The t-statistics, p-values and gene rankings provided by limma do not 
depend on the assumed proportion. In fact part of the motivation for 
developing the moderated t-statistics was to obtain a statistic with 
the same power as the posterior odds without needing this 
difficult-to-estimate quantity.

While the B-statistic does depend on the prior assumed proportion, 
this is dependence is very straightforward, well understand and 
explicit. The prior log-odds simply adds a constant to all the 
genewise B-statistics. It doesn't change the ordering.

I agree with your desire to avoid dependence on unjustified 
assumptions.
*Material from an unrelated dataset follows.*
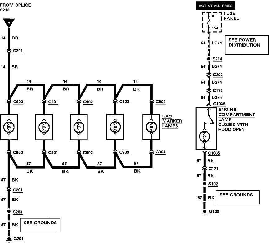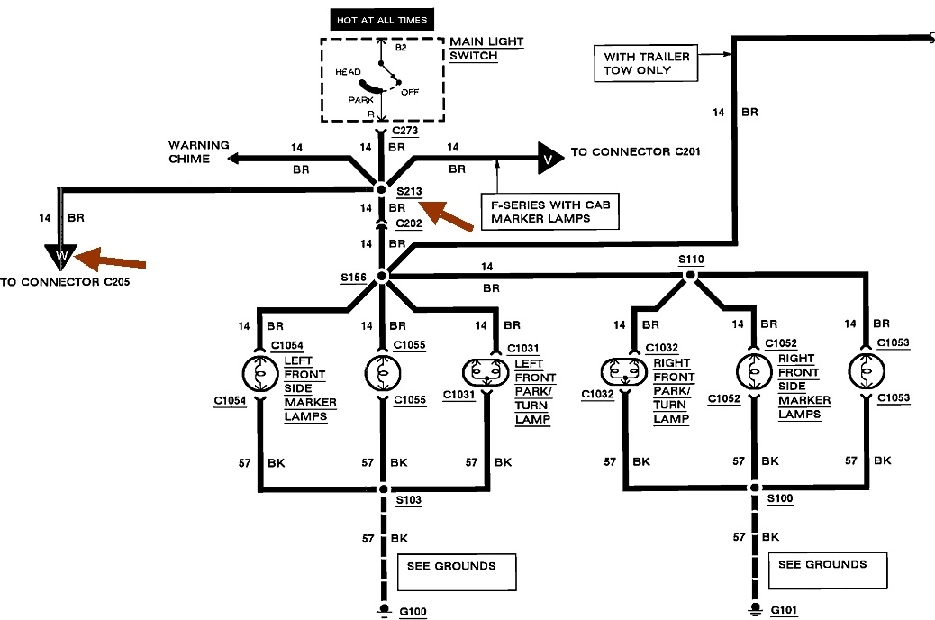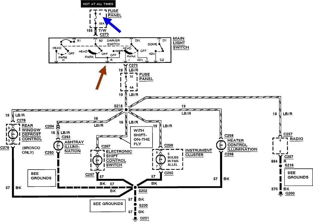 If that's okay, we have to figure out where the voltage is coming from. I posted these diagrams out of order because it makes them easier to follow. The first one shows the dash lights, but what's important is the fuse # 4, (blue arrow), feeding the head light switch. The brown arrow is pointing to terminal "R" that is for the outside running lights. That circuit starts in the second diagram and appears to be the one where some voltage is showing up. The brown arrows are just pointing to the same circuit on multiple pages, where they refer to splice "S213". Point "W" is just used to denote the circuit continues between those two points on different pages, in this case the fourth diagram. Point "V" on the second and sixth diagram are for the roof lights.

My approach in limma has been to minimise assumptions 
where possible but otherwise to make the assumptions very explicit.

What I personally feel uneasy about are statistical methods which 
propose to estimate quantities about which the data contains very 
little information. The dependence on assumptions may be hard to see. 
It seems to me that the proportion of DE genes is just such a 
quantity, because its estimation must be highly sensitive to model 
assumptions in small microarray experiments. I could easily provide 
an automatic estimate of this quantity as part of the eBayes() 
computations in limma, but I deliberately chose not to do this.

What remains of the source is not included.